From: Heikki Linnakangas <hlinnaka(at)iki(dot)fi>
To: Robert Haas <robertmhaas(at)gmail(dot)com>, Peter Geoghegan <pg(at)heroku(dot)com>
Cc: Pg Hackers <pgsql-hackers(at)postgresql(dot)org>, Andres Freund <andres(at)2ndquadrant(dot)com>, Stephen Frost <sfrost(at)snowman(dot)net>, Bruce Momjian <bruce(at)momjian(dot)us>, Jeff Janes <jeff(dot)janes(at)gmail(dot)com>
Subject: Re: INSERT ... ON CONFLICT IGNORE (and UPDATE) 3.0
Date: 2015-03-18 18:41:51
Message-ID: 5509C6EF.5040606@iki.fi
Views: Raw Message | Whole Thread | Download mbox | Resend email
Thread:
Lists: pgsql-hackers

On 03/18/2015 06:23 PM, Robert Haas wrote:
> On Tue, Mar 17, 2015 at 6:27 PM, Peter Geoghegan <pg(at)heroku(dot)com> wrote:
>> On Tue, Mar 17, 2015 at 12:11 PM, Heikki Linnakangas <hlinnaka(at)iki(dot)fi> wrote:
>>> I'm still not sure the way the speculative locking works is the best
>>> approach. Instead of clearing xmin on super-deletion, a new flag on the heap
>>> tuple seems more straightforward. And we could put the speculative insertion
>>> token in t_ctid, instead of stashing it in the PGPROC array. That would
>>> again seem more straightforward.
>>
>> I see the appeal of that approach. What concerns me about that
>> approach is that it makes it the problem of the inserter to confirm
>> its insertion, even though overwhelmingly, speculative insertions
>> succeeds (the race window is small due to the pre-check). The current
>> speculative token is legitimately a very short lived thing, a thing
>> that I hesitate to write to disk at all. So our optimistic approach to
>> inserting speculatively loses its optimism, which I don't like, if you
>> know what I mean.
>
> Modifying a shared buffer is not the same as writing to disk.

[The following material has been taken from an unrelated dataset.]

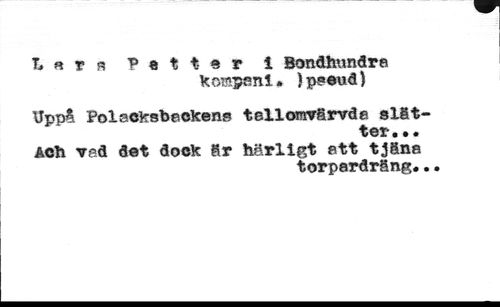 T, * r a Petter 1 Bondhundra //// kompani# )peeud) //// \Jppå Polscksbeckens tellomvfirvda slätter... //// Ach vad det dock Sr härligt att tjäna //// torpsrdräng..

AFAICS, there is no need to go and clear the tag after the insert has
completed.

Here's what I had in mind: the inserter tags the tuple with the
speculative insertion token, by storing the token in the t_ctid field.
If the inserter needs to super-delete the tuple, it sets xmax like in a
regular deletion, but also sets another flag to indicate that it was a
super-deletion.

When another backend inserts, and notices that it has a potential
conflict with the first tuple, it tries to acquire a hw-lock on the
token. In most cases, the inserter has long since completed the
insertion, and the acquisition succeeds immediately but you have to
check because the token is not cleared on a completed insertion. It
would be slightly faster for the second backend if the inserter actually
removed the token after the insertion has completed: it wouldn't need to
check the lock if the tuple was not tagged in the first place. But
that'd be just a tiny optimization, for the rare case that there is a
conflict, and surely not worth it.

Hmm, I just realized a little fly in that ointment: if the inserter
inserts enough tuples to wrap around the token counter (4 billion?) in a
single transaction, another backend that inserts could confuse a new
speculative insertion with one that completed a long time ago. The risk
seems small enough that we could just accept it. I don't think anything
particularly bad would happen on a false positive here. Or we could also
use all 48 bits available in the t_ctid to push it truly in the realm of
ain't-gonna-happen. Or we could use (relfilenode, block, token) as the
lock tag for the SpeculativeInsertionLock.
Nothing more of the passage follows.